Took His Own Life.

Charles A. Emory, of Canton, Ends His Life Instantly, Thursday Evening.

Canton Register: Charles A. Emory, who lived with his sister, at No. 5, Havermale flats, on Avenue A., committed suicide at his home, about 9:45 o’clock Thursday night, by shooting himself in the right temple with a 32 caliber revolver.

The ball passed with a slightly upward course directly through the brain, and it lodged just beneath the scalp above the right ear, causing instant death.

The dead man was in his forty-ninth year, and was employed as patternmaker in the plow shops.

For about a year past he had occasionally displayed signs of mental aberration, which latterly became more pronounced. Since early in June he had not had steady work, and it is thought that during these intervals of idleness he brooded more than usual over his mental condition, realizing his ailment and fearing insanity.

About 6 o’clock Thursday evening Miss Emory suggested to her brother that he sleep downstairs that night, as she had there prepared a bed for him. With the reply that he guessed he’d sleep upstairs, the latter almost immediately went to an upper room, remaining there until about 7 o’clock, when W. H. Shaw, who was in the habit of spending an evening with him occasionally, called at the house.

Emory came downstairs, and remained talking with his guest until about 8:30 o’clock, when he said he would go to bed, whereupon Mr. Shaw departed.

During the visitor’s stay Mr. Emory appeared to be in about his usual condition, and gave no intimation of any intention to destroy himself.

Shortly after Mr. Shaw left the home of the brother and sister, the former again went to the room, and was not seen again alive.

About a quarter of 10 o’clock the fatal shot was fired. Miss Emory did not hear the explosion, but was alarmed by her brother’s fall, and ran out of doors, calling to the neighbors, several of whom had already been attracted to the Emory home by the sound of a shot.

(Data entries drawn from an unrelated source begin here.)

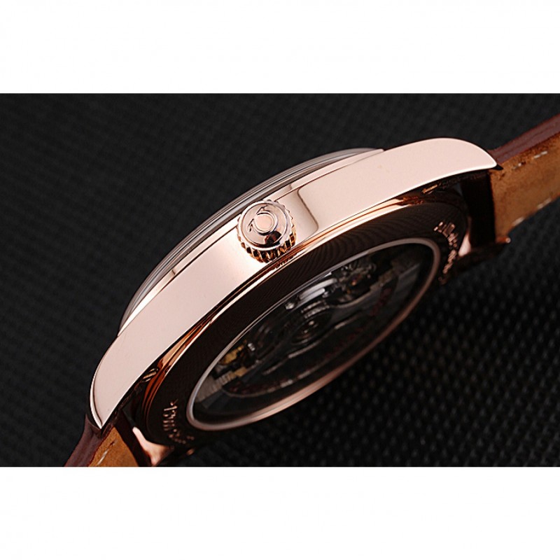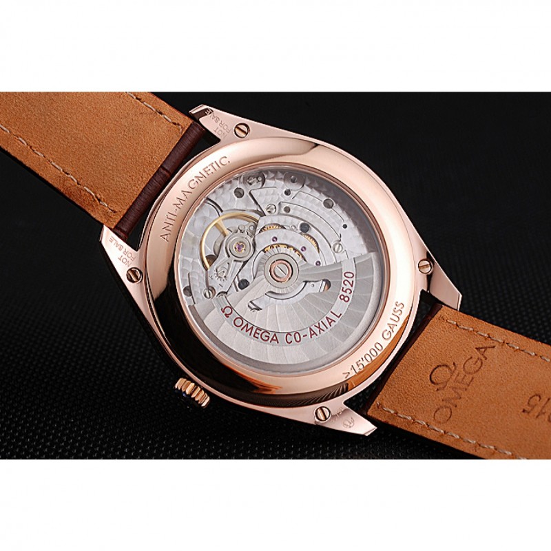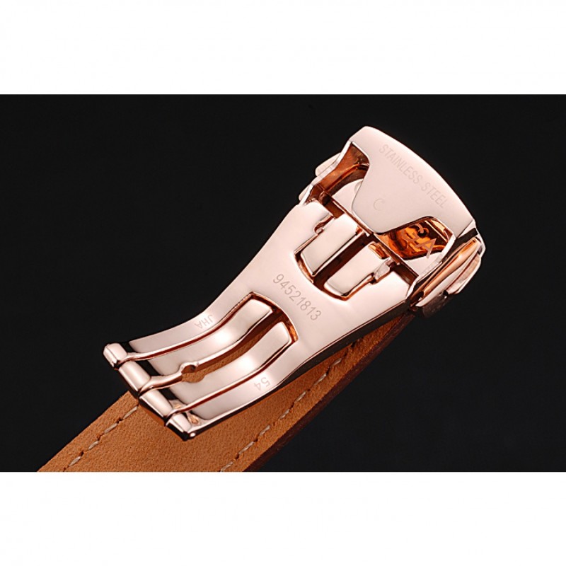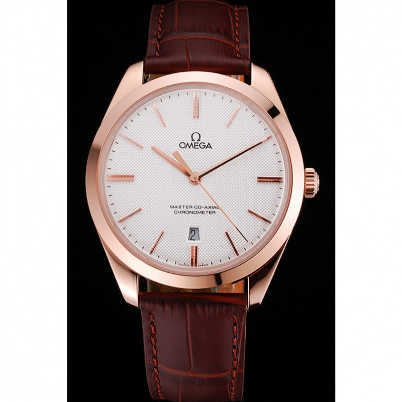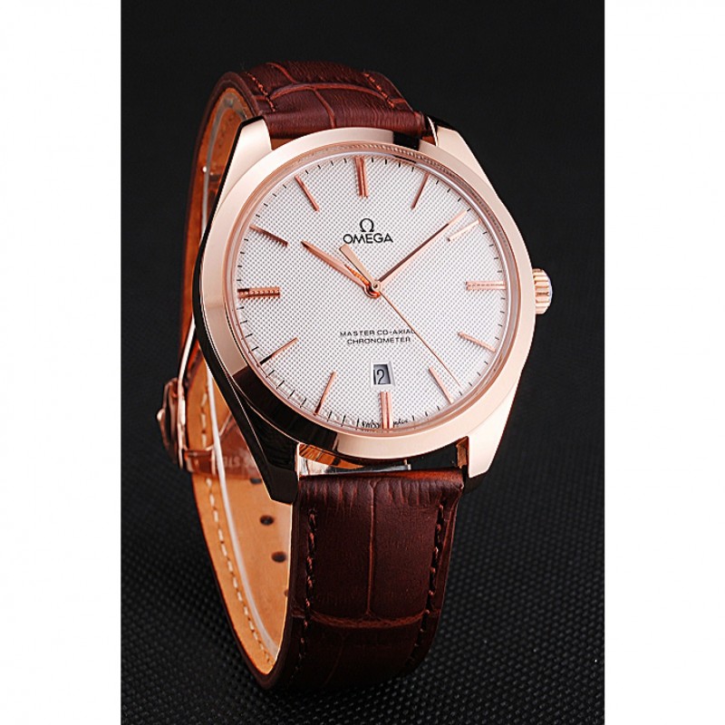 pulsera: logo y el calor Omega correa de piel de cocodrilo marrón en relieve con el logotipo de 18k grabado de oro rosa plateado empuje de liberación del gancho del corchete
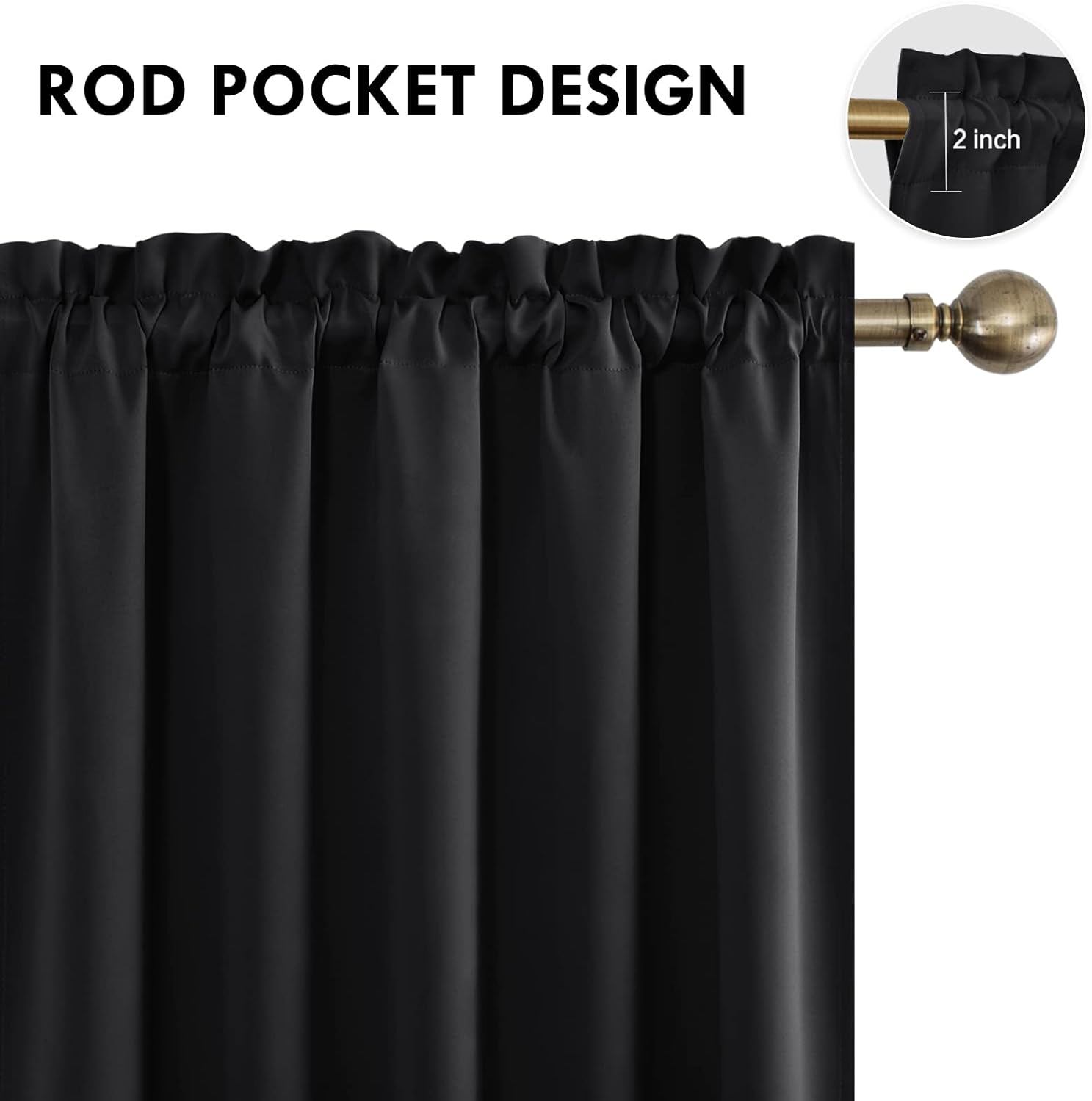 DWCN Black Blackout Curtains for Bedroom, 60 x 84 inches Long - Room Darkening Thermal Insulated Large Drapes, Set of 2 Rod Pocket Curtain Panels
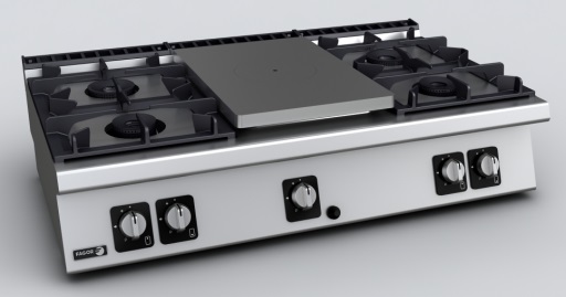 - Brûleurs et diffuseurs avec double couronne en fonte nickelée, garantissant l’uniformité de la distribution thermique sur tout type d’ustensiles, y compris de grandes dimensions, optimisant la production et la qualité du produit fini.
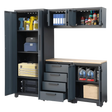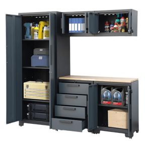 - Garage cabinets 6 piece set includes 1x cabinet with a drawer, 1x cabinet with 4 drawers, 1x tall cabinet, 1x wood work top, and 2x smaller top wall cabinets that feature a fully welded steel structure for added support.
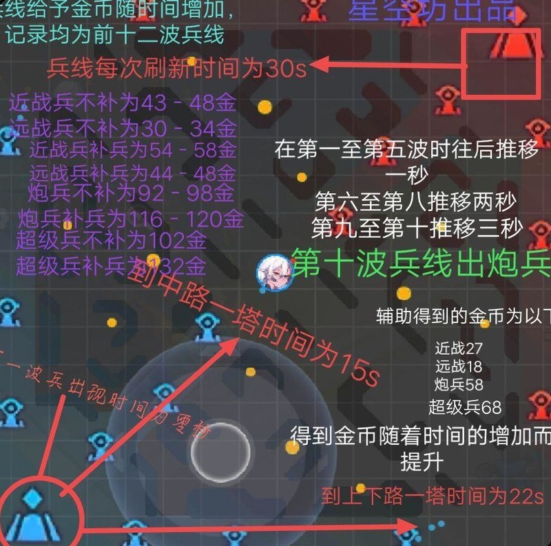 此时需依据兵线刷新时间判断,经研究发现,兵线刷新规律如下:
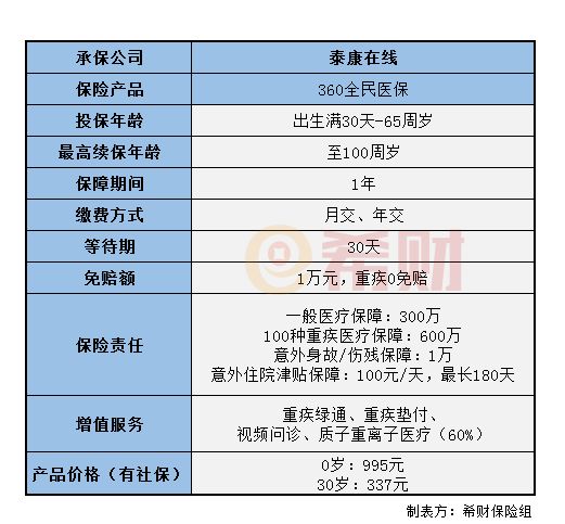 360全名医保是360保险一款百万医疗险产品,由泰康在线承保。投保首月保费只需1元,今天希财君就带大家一起来了解一下,看看360全民医保怎么样?感兴趣的话不妨一起接着往下看吧。

Sidney Lair and Hiram Shields, who live in the flats adjoining that of the Emorys’ were first on the scene, and, hurrying upstairs, found the unfortunate man sitting on the floor, with his back against the bed, dead.

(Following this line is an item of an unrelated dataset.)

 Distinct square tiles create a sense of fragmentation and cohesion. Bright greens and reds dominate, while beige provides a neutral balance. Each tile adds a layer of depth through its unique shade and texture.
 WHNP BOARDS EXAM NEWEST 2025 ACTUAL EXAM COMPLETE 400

A long scar on his forehead indicated that he had first fallen forward on the edge of the commode, which stood opposite the bed, giving the impression that the shot had been carefully aimed while facing a mirror hanging above the stand.

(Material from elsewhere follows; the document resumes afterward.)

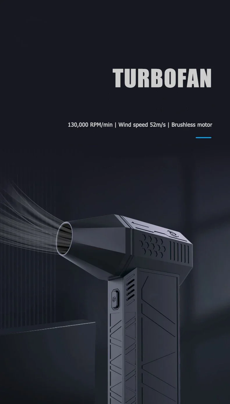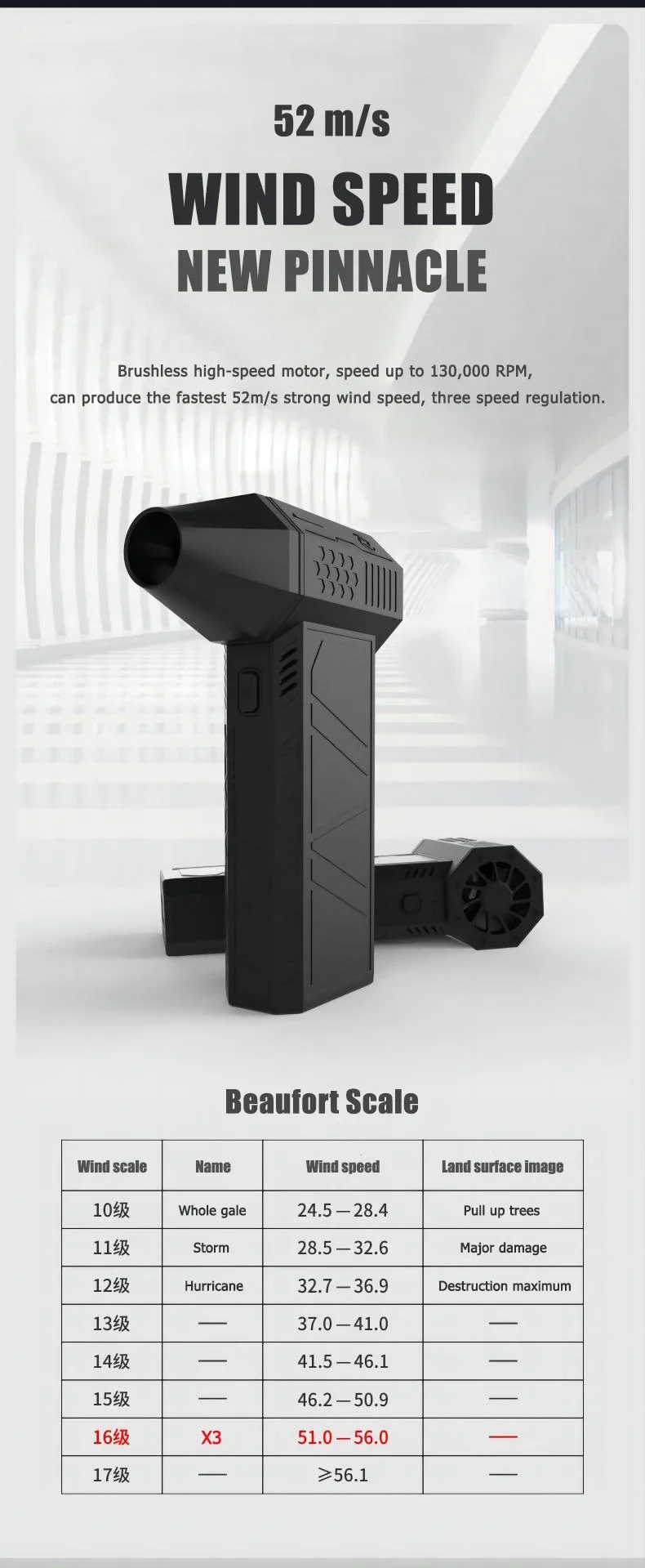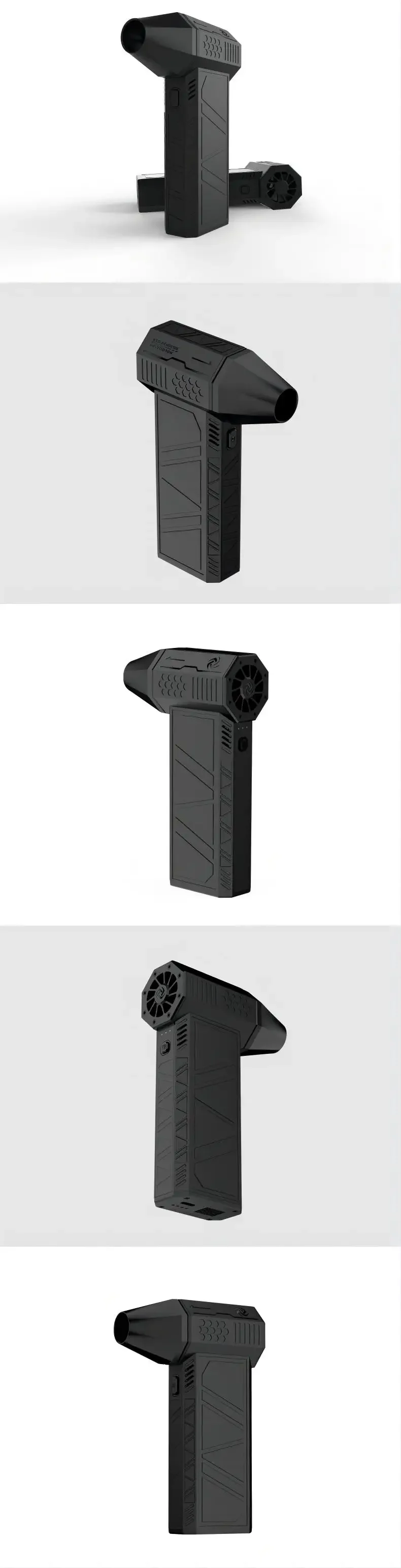 1.Componentes de alta calidad: este mini ventilador turbo jet adopta rodamientos de alta velocidad importados de súper alta calidad, una turbina de metal CNC nueva, un motor sin escobillas y un motor enrollado a mano.2.Velocidad del viento súper fuerte: capaz de generar presión y velocidad superiores a 52 metros por segundo.La máquina tiene cuatro branquias de tiburón que disipan activamente el calor a través de las salidas de aire, expulsando eficazmente el aire caliente de la cabina y brindando protección para un funcionamiento duradero.3.Regulación de tres velocidades: viento fuerte de primera marcha, huracán de segunda marcha, huracán súper fuerte de tercera marcha, fuerza del viento de hasta 16 niveles4.Portátil y compacto: con su tamaño mini y diseño liviano, es muy cómodo de llevar.El cuerpo compacto del ventilador turbo frenzy hace que sea fácil de transportar y de usar en el exterior.7.Operación fácil de usar: adopción de regulación de tres velocidades con indicador luminoso.El diseño fácil de usar de los turboventiladores portátiles garantiza una fácil funcionalidad.Además, la placa de carga también cuenta con funciones de protección de carga y protección contra sobrecalentamiento seguras y confiables.El motor interno sin escobillas puede alcanzar altas velocidades de hasta 130000 RPM (voluciones por minuto).8.Uso: soplado y succión con colchón de aire, limpieza de equipos informáticos, soplado de polvo industrial, combustión de carbón para soportar la combustión, soplado de automóviles y nieve, filmación de estudios de películas y fabricación de viento, secado de mascotas y muchos otros usos.Especificaciones:

Charles A. Emory was born in Canton in January, 1855, and had always lived in the city. Both his parents are dead and his sister is the only surviving member of the immediate family. An aunt, Mrs. Mary Baughman, and several cousins also reside in the city.

No reason for the suicide is assigned other than that of temporary insanity due to melancholia and a possible realization of the hopelessness of his mental condition.